I would say inplace of opening explicit cursor, let oracle use implicit cursor and use simple loops to achieve your requirements:

declare

begin
for rec in ( select employee_id
             from employees )
  Loop                   
          for rcrd in (Select bill from employee_bill 
                      where employee_id = rec.employee_id)
           loop

            /***Process your bills***/

           end loop;                           

  end loop;

end; 
1
Boneist On

The problem with your code is that it's doing an awful lot of context switching, so it's no wonder that it's slow.

From what I can tell, your code is doing something like:

  1. In Pro*C, go to the database
  2. In the database, open the first cursor
  3. Back in Pro*C, ask the database for a row from the cursor
  4. The database sends back a row
  5. In Pro*C, go to the database
  6. In the database, open the second cursor, passing in the values from the first cursor
  7. In Pro*C, ask the database for a row from the second cursor
  8. The database sends back a row
  9. In Pro*C, ask the database to update the row(s) based on the results from the second cursor
  10. The database updates the rows.
  11. Repeat steps 7-10 until there are no more rows to fetch from cursor 2
  12. Repeat steps 3.11 until there are no more rows to fetch from cursor 1

I think you can see that there's an awful lot of unnecessary to-ing and fro-ing going on there... and in fact, it's likely that that's where the majority of your time is being spent.

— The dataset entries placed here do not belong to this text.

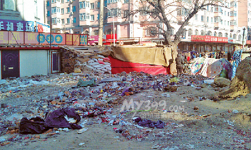 根据读者反映的情况,昨天上午,记者来到道外区南十六道街和仁里街街口,记者看到,一排板房和木棚搭成的商亭及用彩色塑料苫布包裹的小房,沿着南十六道街摆开。就在这些商亭缝隙中,能够清楚地看到各种颜色塑料袋、纸屑、生活垃圾、沙土等。记者绕过这些简易商亭和堆积物,看到了一条10米左右的垃圾带,垃圾集中的地方有二十平方米左右,堆积着建筑垃圾袋、生活垃圾、废弃衣物等垃圾,垃圾堆起一米多高。位于垃圾堆下面的很多垃圾已经和泥土冻在一起,看上去堆积了很久,风吹起时,尘土带着垃圾堆上的塑料袋和纸屑沿着南十六道街板房、商亭等一路飘飞。
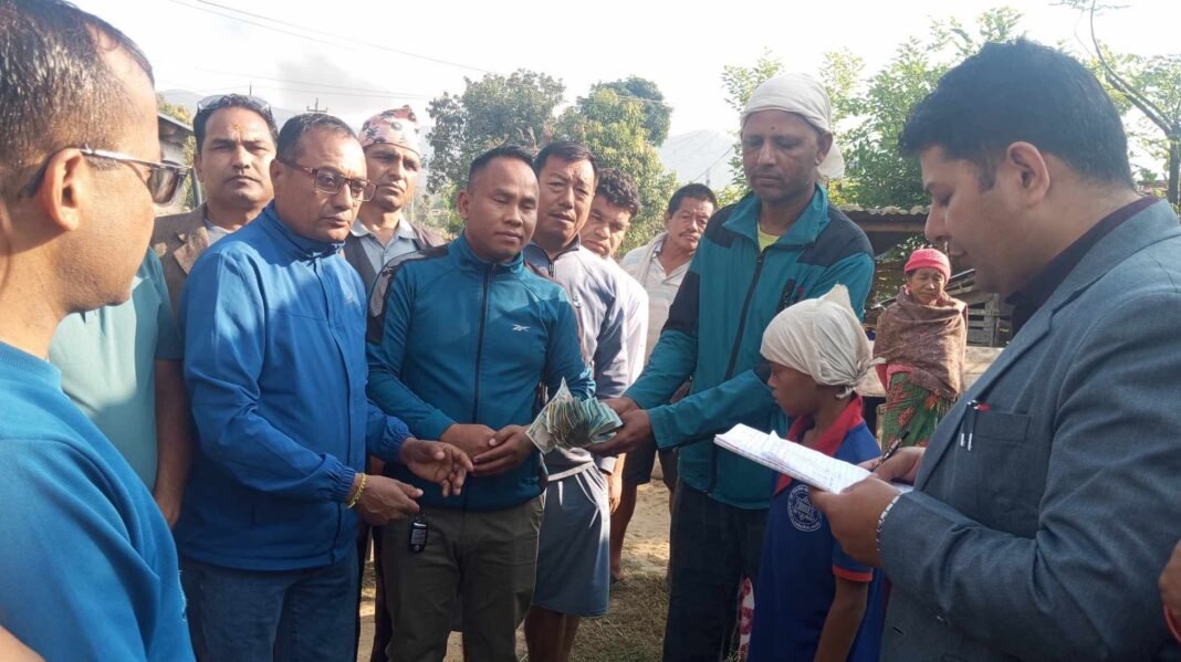 क्यान्सर रोग बाट ग्रसित क्यान्सरको उपचार गर्दै गर्दा उनको मृत्यु भए पछि उनको परिवार समस्यामा परेको थियो । उनको पारिवारिक समस्यालाइ मध्यनजर गर्दै थोरै भए पनि सहज होस भनि आर्थिक तथा जिन्सी सहयोग गरिएको गुल्मेली एकता समाज सैनामैना १ का अध्यक्ष दीर्घनारायण पाण्डेले बताउनुभयो ।
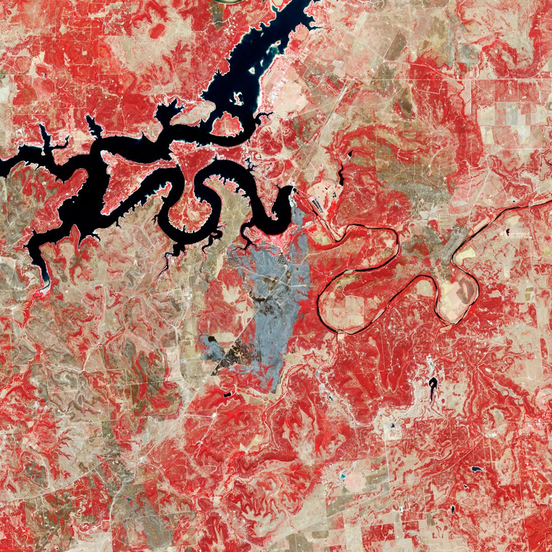 The Advanced Spaceborne Thermal Emission and Reflection Radiometer (ASTER) on NASA’s Terra satellite captured this false-color image of the Ranch 101 burn scar on September 3, 2011. The burn scar is gray, vegetation is red, and bare or sparsely vegetated ground is tan. Water is navy blue.
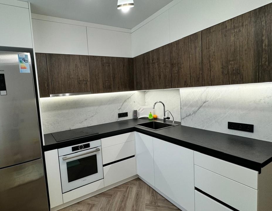 Современная светлая кухня с деревом. Фасады кухни выполнены из МДФ в цвете Агератум белый матовый и Лесной орех; ручки Gola; стеновая панель Slotex Кварцит; еврозапил.
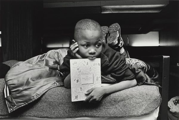 Editor: This is Roy DeCarava's "David," a gelatin silver print from 1952. The mood hits you immediately, doesn’t it? The boy's expression…it’s so direct, but there's a vulnerability there too. What do you see in it? Curator: That raw feeling. Exactly. For me, DeCarava’s work always whispers, never shouts. Look at the way he uses light. It isn't dramatic, theatrical, but incredibly intimate. The way it glances off the boy’s forehead, those almost imperceptible details, you know? It reminds me of growing up in Harlem, you can smell the asphalt after rain. Do you sense that connection to the Black Arts Movement in this? Editor: Definitely. There’s a strong sense of realism, just documenting life as it is, but I guess I hadn't really tied it to that specific movement. Is that what distinguishes it from other street photography of the time? Curator: Partly, yeah. But DeCarava also focused on the interiority of his subjects, not just external appearances. The choice to print it in deep, rich blacks... It adds a certain weight. What does that Hawaiian shirt tell you, juxtaposed against his solemnity? Editor: Hmm. I guess it’s that contrast that really gets me thinking, the boy seems both tough and so fragile at the same time. So this photograph presents so much in a such simple, visually accessible composition! Curator: Precisely. It invites empathy and offers such a tender representation of the every day, that many had never considered. It invites contemplation about being Black in 1950s America. Makes you wonder about the stories behind those eyes, right? Editor: Absolutely. Thanks for sharing all those different angles to consider – really changed how I see this piece. Curator: My pleasure. That's the beauty of art, isn’t it? A single frame holding a whole universe of meaning and emotion.
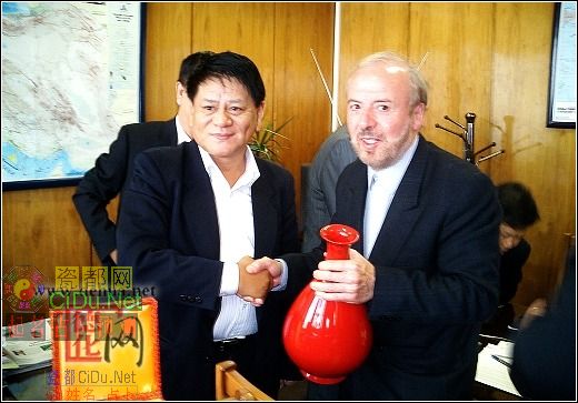 七百年前,东方第一大港泉州德化生产的瓷器大量销往波斯,波斯人领略到来自东方瓷器的风采, “海上丝瓷之路” 因此举世闻名。七百年后的2006年8月,一枚产自德化瓷都的高温国宾礼品红釉瓷——富贵红“玉壶春”,伴随着中国海洋石油总公司高级人员一同出访伊朗(前称为波斯),当伊朗石油部长马罕内赫接受这份来自中国瓷都德化的礼物时欣喜不已。
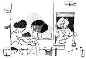 bi. Erropak eskegiten..., eta leihotik leihorako alkarrizketa gozatsuan.

Were it not for your mentor's requirements (which I assume are for teaching purposes only), you could do this in a single update statement, like so:

update recibos
set    f_p_camb_est = '20161212',
       op_cambest = 'SIMD0943'
where  (imp_tot_rec - imp_cta) > 0
and    f_p_camb_est = '29991231'; 

(N.B. if f_p_camb_est is of DATE datatype, then the string literals need to be converted into DATEs using DATE or to_date(), e.g. DATE '29991231', to_date('20161212', 'yyyymmdd'), unless you're going to pass in a parameter that's already of DATE datatype.)

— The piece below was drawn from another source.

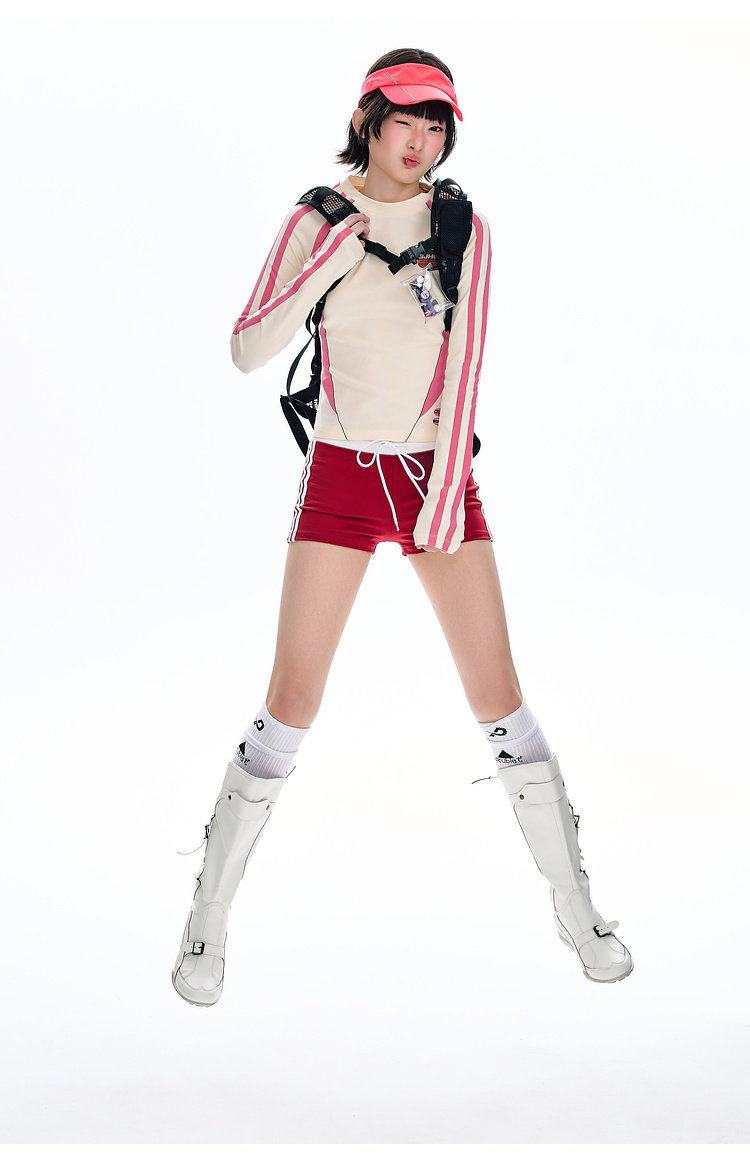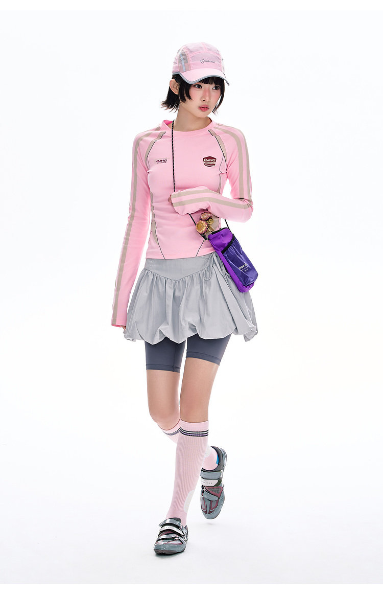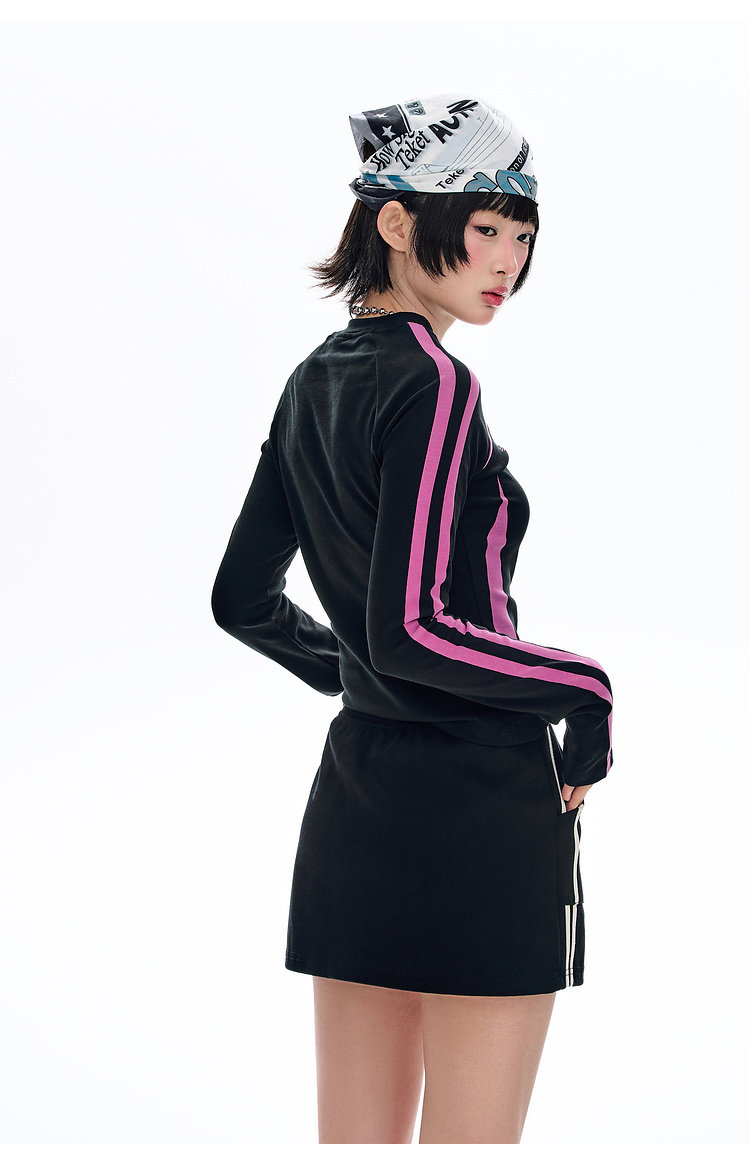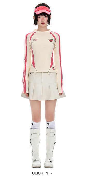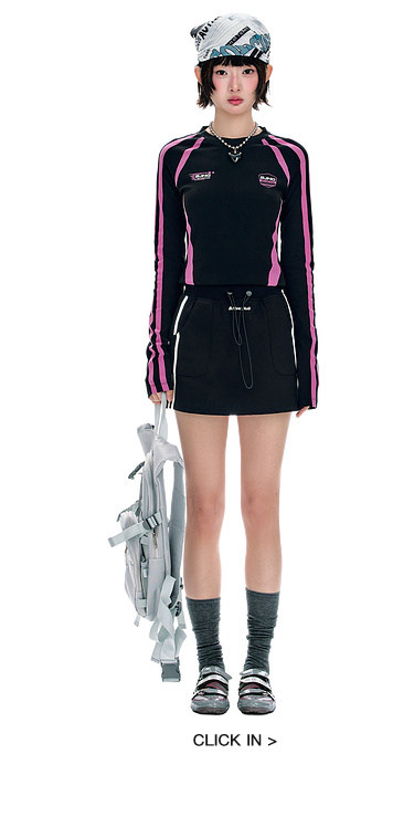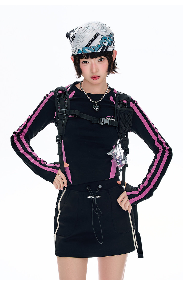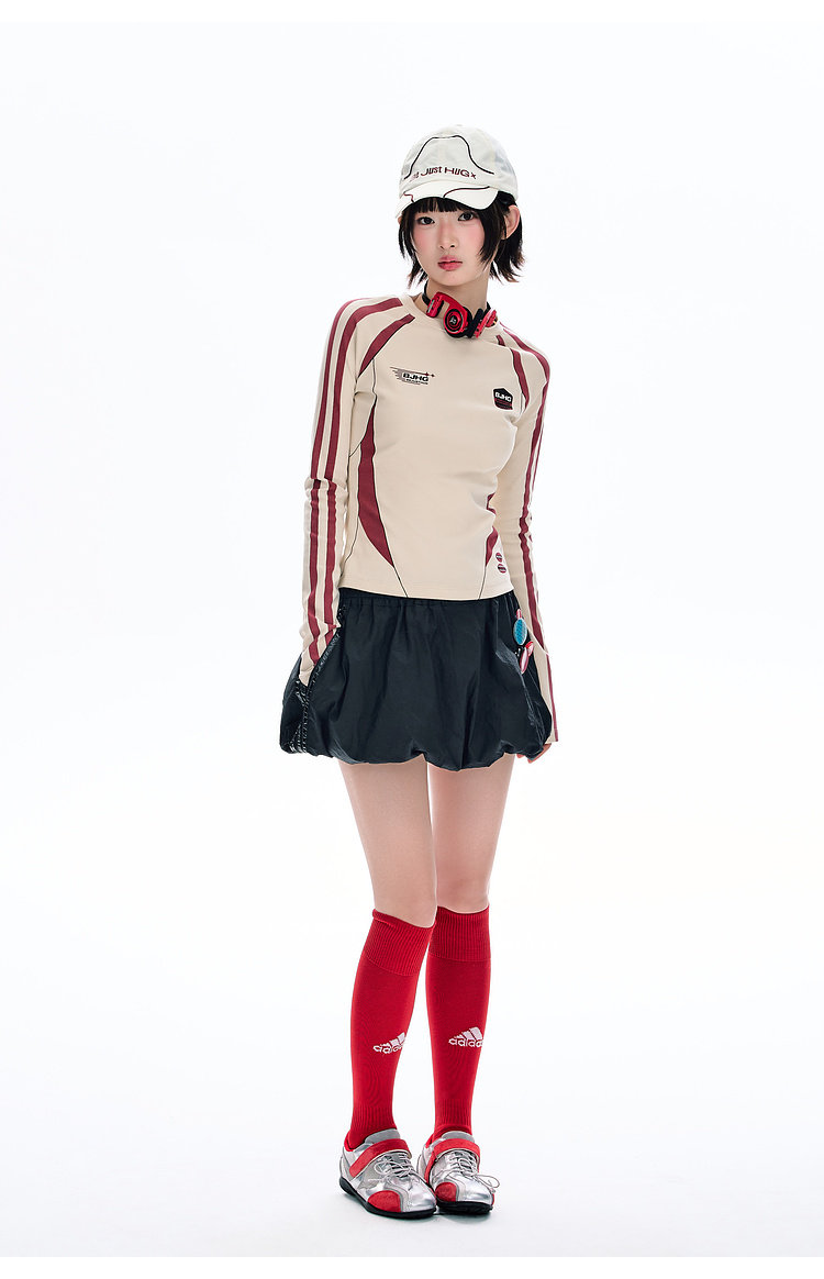 BJHG不计后果赛车风长袖T恤女款春季 印花撞色短款修身打底衫内搭

Doing it this way means that you can plug the update statement into your Pro*C app and it will do:

  1. In Pro*C, ask the database to execute the update statement
  2. The database executes the update statement
  3. Control is returned back to Pro*C.

That's 2 context switches in total - a massive reduction than from your original method!

However, your mentor has asked for (IMHO) the daft way of updating the rows by doing it one nis_rad at a time.

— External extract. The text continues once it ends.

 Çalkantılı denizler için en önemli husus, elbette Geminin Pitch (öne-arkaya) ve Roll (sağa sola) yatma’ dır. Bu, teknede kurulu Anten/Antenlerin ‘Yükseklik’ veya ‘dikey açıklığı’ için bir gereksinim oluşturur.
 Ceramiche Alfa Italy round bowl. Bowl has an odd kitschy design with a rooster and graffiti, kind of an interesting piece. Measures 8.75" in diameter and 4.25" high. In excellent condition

In that case, you are still far better off doing the bulk of the work in the database - there is *no* point in sending rows back to your app from the database only for your app to do nothing with them except pass them back into the database. The way you would do this on the database side is in PL/SQL, like so:

begin
  for rec in (select distinct nis_rad, sec_nis
              from   recibos
              where  (imp_tot_rec - imp_cta) > 0
              and    f_p_camb_est = '29991231')
  loop
    update recibos
    set    f_p_camb_est = '20161212',
           op_cambest = 'SIMD0943'
    where  nis_rad = rec.nis_rad
    and    (imp_tot_rec - imp_cta) > 0
    and    f_p_camb_est = '29991231';
  end loop;
end;
/

You could either call this directly from Pro*C as an anonymous block or you could create it as a procedure in the database (potentially with parameters), and then call the procedure from Pro*C.

Either way, the overall flow looks like:

  1. In Pro*C, ask the database to execute the PL/SQL
  2. The database executes the PL/SQL
  3. Control is returned back to Pro*C.

I know this looks like 2 context switches, but you also need to take account of the context switching within the database, when it switches between the PL/SQL and SQL engines, which looks something like:

  1. The PL/SQL engine requests a cursor
  2. The SQL engine opens the cursor
  3. The PL/SQL engine requests a row from the cursor
  4. The SQL engine passes a row back
  5. The PL/SQL engine stored the information in the rec record
  6. The PL/SQL engine asks the SQL engine to execute the update statement, based on the nis_rad value from the rec record
  7. The SQL engine runs the update statement
  8. Repeat steps 1 - 7 until no more rows are returned

which, as I'm sure you can see is a lot more than the 2 context switches we had overall if you had just run the single update statement instead.

Hopefully that clears things up a bit for you?